Gedung Putih : Tidak Ada Rencana Mengundang Rusia di G7

Washington, JakartaGreater   –   Pemerintahan Joe Biden tidak mengundang Rusia untuk bergabung dengan kelompok pemimpin dunia G7, ujar Juru Bicara Gedung Putih, Jen Psaki, Jumat, 19-2-2021.

Sikap pemerintahan Biden itu berbeda dengan pemerintahan mantan Presiden Donald Trump, yang sebelumnya berupaya agar Moskow diundang untuk menjadi anggota G7.

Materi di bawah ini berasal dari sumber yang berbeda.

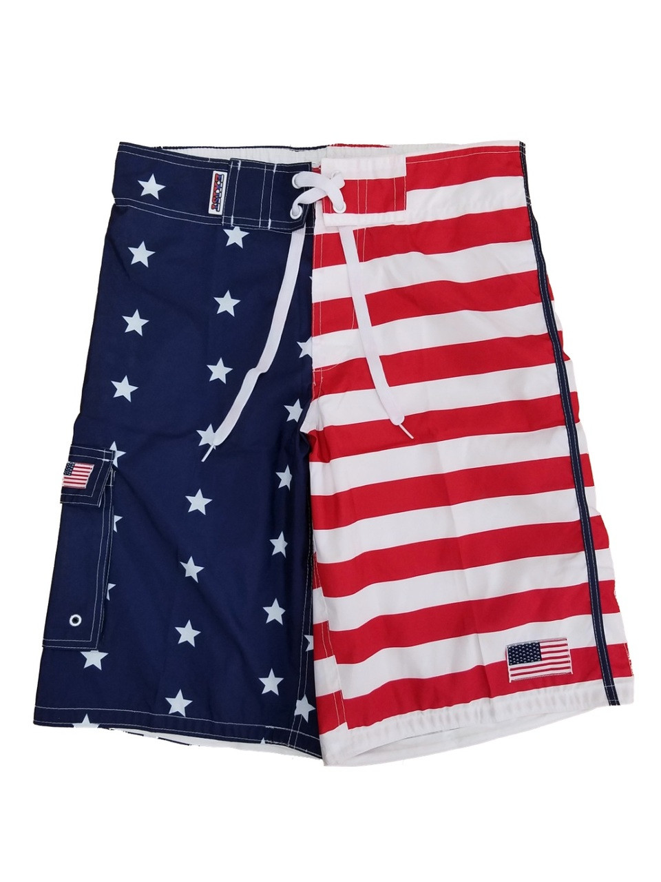 These US Flag themed cargo board shorts are perfect for showing off your national pride! They have a lace tie waist with fly, an elastic back waistband and a full mesh lining.

Mengundang Rusia untuk bergabung dengan G7 akan diputuskan bersama semua anggota kelompok tersebut, ujar Psaki kepada awak media di pesawat kepresidenan Air Force One, dirilis Antara, Sabtu, 20-2-2021.

Trump pada Juli 2020 lalu menyebut G7 “kelompok negara yang sangat ketinggalan zaman”. Trump juga mengatakan ingin menambahkan Rusia, Australia, Korea Selatan, dan India masuk ke barisan kelompok itu.

“Menurut saya, kita tidak membuat undangan baru untuk Rusia atau mengulangi undangan baru untuk Rusia. Jelas, undangan akan diberikan dalam kemitraan dengan rekan-rekan G7 kita,” ujar Psaki.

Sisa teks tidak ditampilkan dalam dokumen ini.